Europe has lost the mobile-technology edge it gained with the development of the Global System for Mobile Communications (GSM), according to Stephen Fidler, Brussels Editor of The Wall Street Journal and Dow Jones Newswires. And now, he writes from the World Economic Forum in Davos, ascendant U.S. technology companies are worried about a backlash.
Fidler notes that the car industry is the largest employer, but future profits will largely come not from punching metal but from network management and catering to passengers with entertainment and retail experiences. The question is how to implement these new potential sources of profit.
He quotes Günther Oettinger, the European Union’s digital-economy commissioner, as saying, “My expectation is that our European car producers are able, are willing to survive and to integrate Google and not be secondary. I have many weekly discussions with members of the boards of these companies….They say Google or Facebook and Apple are invited, but not to have them take over, but to have a clear partnership where our European companies are in the lead.”

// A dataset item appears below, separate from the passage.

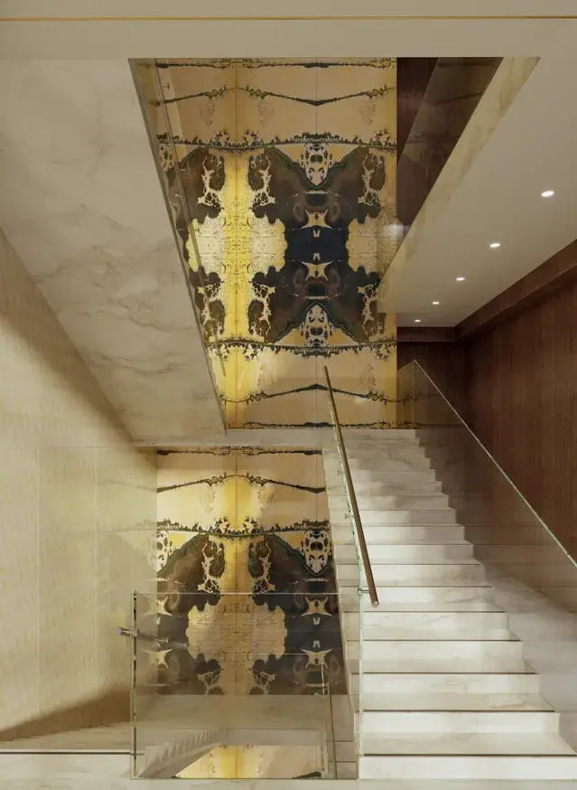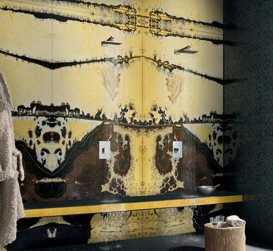 Each slab is a unique creation, capable of transforming any room into a space of pure magic. Its surfaces shimmer with a light of their own, reflecting a symphony of colours that change with the viewing angle, creating an unparalleled effect of depth and visual dynamism. These stand out for their fascinating textures, enriched with intricate crystalline details and natural veining, capturing the mysterious and magnetic essence of the most precious gems.

Europe could respond by implementing data-handling standards, for example, that American firms couldn’t or wouldn’t meet, Fidler writes. That approach could present its own problems. He cites a 1984 law that aimed to protect Brazil’s computer industry, which by 1990 had left the country “…in a world of green screens and flashing cursors.”
He cites one example that yielded unintended consequences: Google shutting down its news service in Spain ahead of implementation of a new law.
Fidler writes, “What’s better for growth in Europe and for European tech companies, say American tech executives in Davos, is for economies to build on existing state-of-the-art technologies.”